The new project will test a new way of running these proof of concept trials, in which several candidate drugs are simultaneously compared to a placebo. In this scenario, only about 20% of patients are in the placebo group, compared to 50% in conventional trials. Furthermore, this novel ‘adaptive’ trial design allows researchers to adapt the trial design in response to emerging results. For example, if a candidate medicine appears to be particularly effective in only certain categories of people, then assignment of that medicine can be preferentially directed to those people to confirm this finding. Similarly, new candidate drugs can be added to the trial and medicines that prove ineffective can be dropped. In addition, this design allows researchers to test both individual drugs and combinations of different medicines.
This innovative trial design has already been found to be effective for testing new treatments for breast cancer. This will be the first time such an approach will be used for Alzheimer’s disease.
Speaking in advance of the G8 summit on dementia, Michel Goldman, IMI Executive Director commented: ‘The challenge of developing new treatments for Alzheimer’s disease is too great for any single organisation, country or company to tackle alone. What is needed is an unprecedented, international, collaborative approach bringing together all stakeholders involved in the development of new treatments for Alzheimer’s. As a public-private partnership experienced in running large-scale projects of this nature, IMI is the ideal platform to launch this new project that will hopefully deliver immense benefits for patients.’
The Alzheimer’s project forms part of IMI’s 11th Call for proposals, which is being launched in mid-December 2013 and gives researchers and experts from academia, small businesses, regulatory authorities, and patient organisations the opportunity to apply to be part of exciting new projects in a range of fields.

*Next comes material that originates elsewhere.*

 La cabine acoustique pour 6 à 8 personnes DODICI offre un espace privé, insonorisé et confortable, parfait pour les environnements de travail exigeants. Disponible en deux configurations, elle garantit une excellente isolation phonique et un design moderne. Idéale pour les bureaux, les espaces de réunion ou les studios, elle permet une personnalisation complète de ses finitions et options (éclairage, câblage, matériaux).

The project has a proposed budget of €53 million, €28 million of which comes from the European Commission’s Seventh Framework for Research (FP7), and €25 million of which comes from in kind contributions by the pharmaceutical companies participating in the project.
‘Today, advances in science and technology provide unprecedented opportunities to unlock the mysteries of Alzheimer’s disease – including predisposing risk factors and early diagnosis to identify at-risk patients,’ said Paul Stoffels, J&J Chief Scientific Officer and WW Chairman Janssen. ‘The societal impact of this disease is enormous, and it will require unprecedented innovation and collaborative models between industry, academia and government to create better therapies and new models of patient care. We are proud to be part of this initiative, which advances our shared goal of better outcomes for patients and their loved ones.’
Notes to Editors
- - For interviews, contact Catherine Brett (details below)

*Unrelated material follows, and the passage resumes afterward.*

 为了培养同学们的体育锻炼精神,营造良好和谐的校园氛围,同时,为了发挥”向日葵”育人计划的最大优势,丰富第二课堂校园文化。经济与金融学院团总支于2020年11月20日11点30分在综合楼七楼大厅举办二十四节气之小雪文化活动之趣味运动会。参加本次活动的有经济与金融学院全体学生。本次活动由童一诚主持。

- - For more information on IMI’s 11th Call for proposals, including details of how to apply for funding, visit www.imi.europa.eu/content/11th-call-2013-8
- - Summaries of all IMI projects on Alzheimer’s disease can be found in the Annex below.

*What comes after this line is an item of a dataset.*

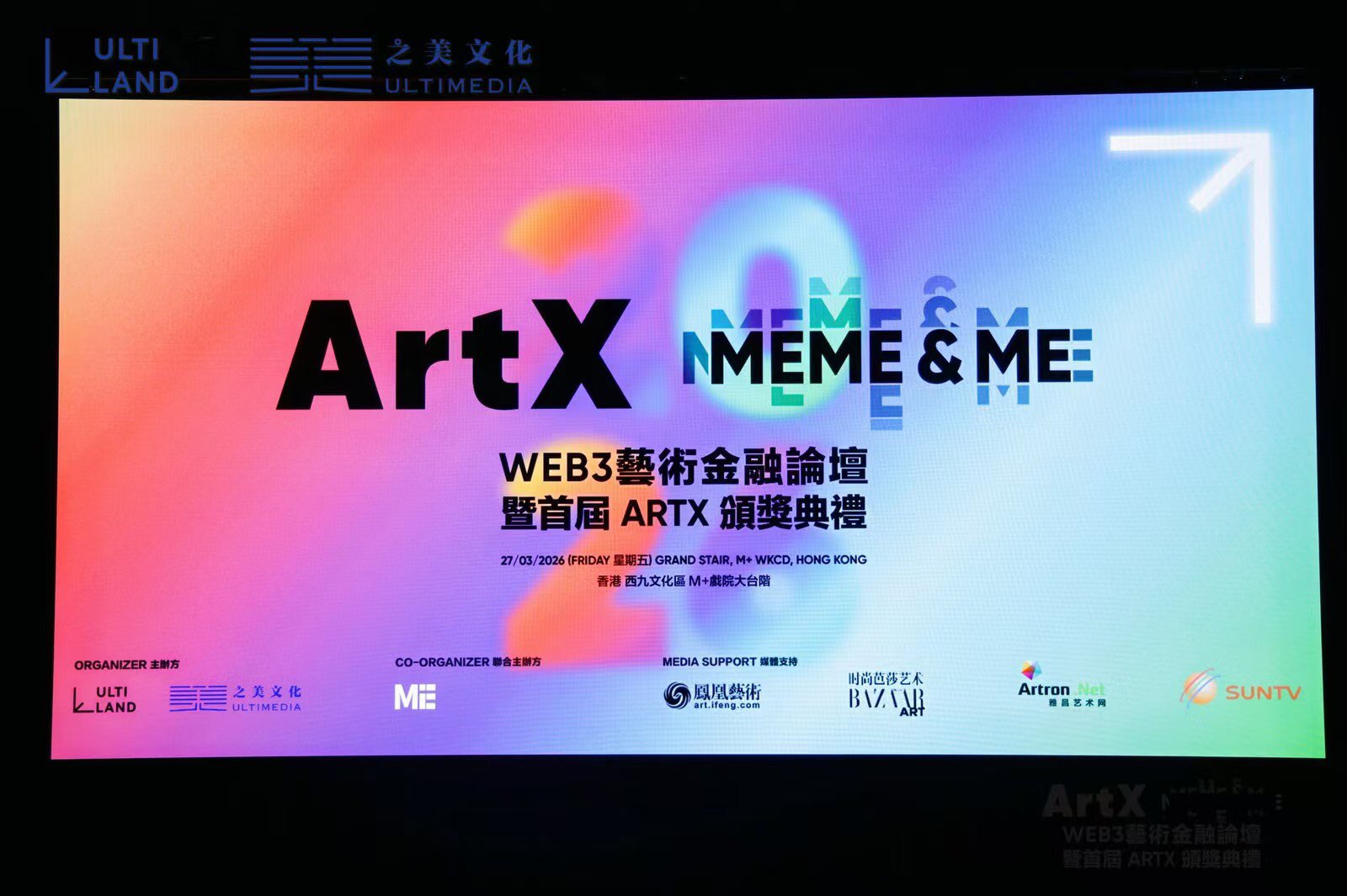 The event was jointly hosted by ULTILAND and ULTIMEDIA Co., Ltd., with @MetaEraCN as co-organizer. Centered on the theme “Meme & Me,” it brought together top guests and industry professionals from the global art world, financial sector, and Web3 space, creating a value bridge between the traditional art system and the emerging Web3 cultural and creative ecosystem.

- - G8 Dementia Summit: http://dementiachallenge.dh.gov.uk/category/g8-dementia-summit/. Follow the event on Twitter: #G8dementia
Catherine Brett – External Relations Manager
Tel: +32 2 541 8214 - Mobile: +32 484 896227 - E-mail: email@example.com
With a €2 billion budget, the Innovative Medicines Initiative (IMI) is the world’s largest public-private partnership in health. Through collaborative projects that unite experts from industry, academia, small and medium-sized enterprises (SMEs), patient groups, and regulators, IMI is developing tools and technologies to speed up the development of safer and better drugs for patients.
IMI has 42 ongoing projects. Some focus on specific health issues such as neurological conditions (Alzheimer’s disease, schizophrenia, depression, chronic pain, and autism), diabetes, lung disease, oncology, inflammation & infection, tuberculosis, and obesity. Others focus on broader challenges in drug development like drug and vaccine safety, knowledge management, the sustainability of chemical drug production, the use of stem cells for drug discovery, drug behaviour in the body, the creation of a European platform to discover novel medicines, and antimicrobial resistance. In addition to research projects, IMI supports education and training projects.
The EU contributes €1 billion to IMI; this is matched by in kind contributions of €1 billion from the member companies of the European Federation of Pharmaceutical Industries and Associations (EFPIA).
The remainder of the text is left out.